NCT05739539 · Status: COMPLETED · Phase: NA · Type: INTERVENTIONAL · Enrollment: 36

Last updated 2024-06-24

No results posted yet for this study

Summary

Tractional retinal detachment (TRD) that involves the macula and non-clearing vitreous hemorrhage are the main causes of permanent vision loss in patients with diabetic retinopathy and requires prompt surgical intervention.
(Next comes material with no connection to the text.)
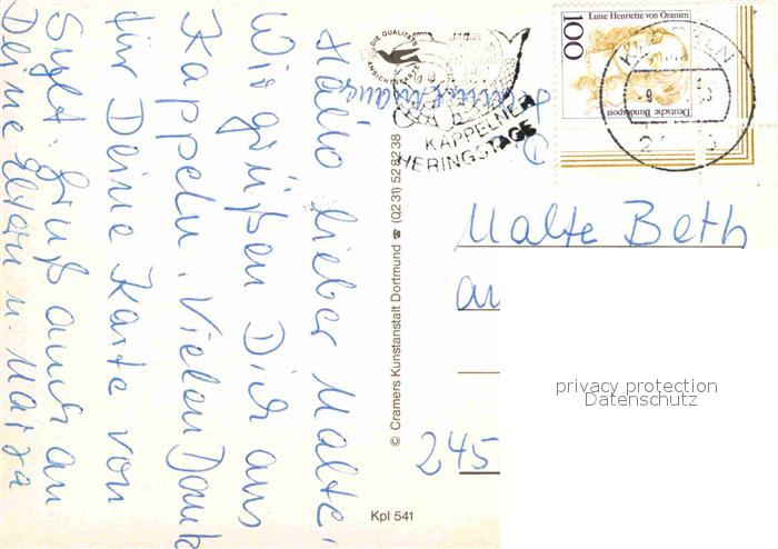 72881252 alte Postkarte Kappeln Schlei Windmuehle Partie an der Schlei Kirche Geschichte postalisch gelaufen Erhaltung siehe scans [FriedD77] KatCode: 11110001059045
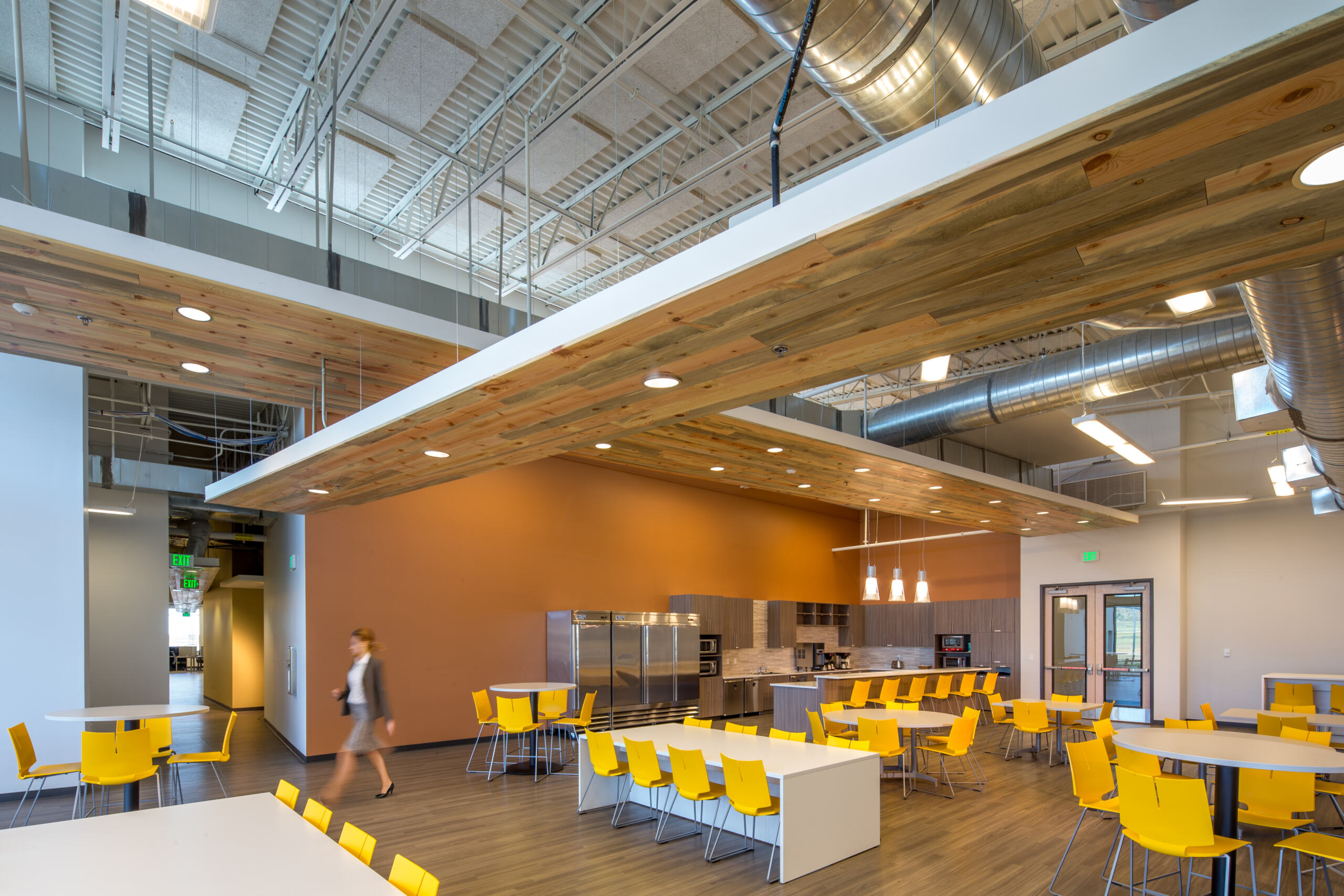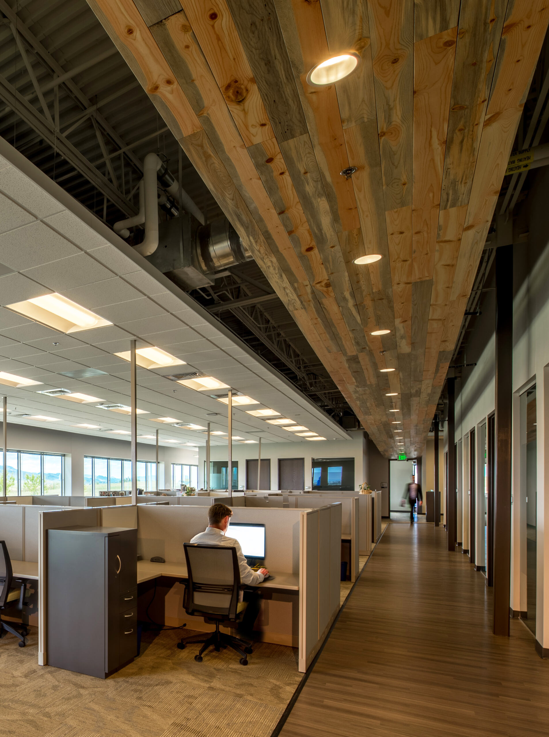 Thermomass tilt-up concrete walls are complemented by board form textures and wood accents at the entry, while expansive floor-to-ceiling glass along the east and west façades floods the interiors with daylight and frames panoramic mountain views—bringing warmth and wellness to a highly technical setting.

Macular peeling is a surgical technique used in many retinal diseases including diabetic retinal detachment.

Our purpose is to determine whether retinal microcirculatory changes occur after anatomically successful diabetic vitrectomy, and whether changes in blood flow vary if ILM peeling was done and whether changes in macular perfusion affect the final visual outcome.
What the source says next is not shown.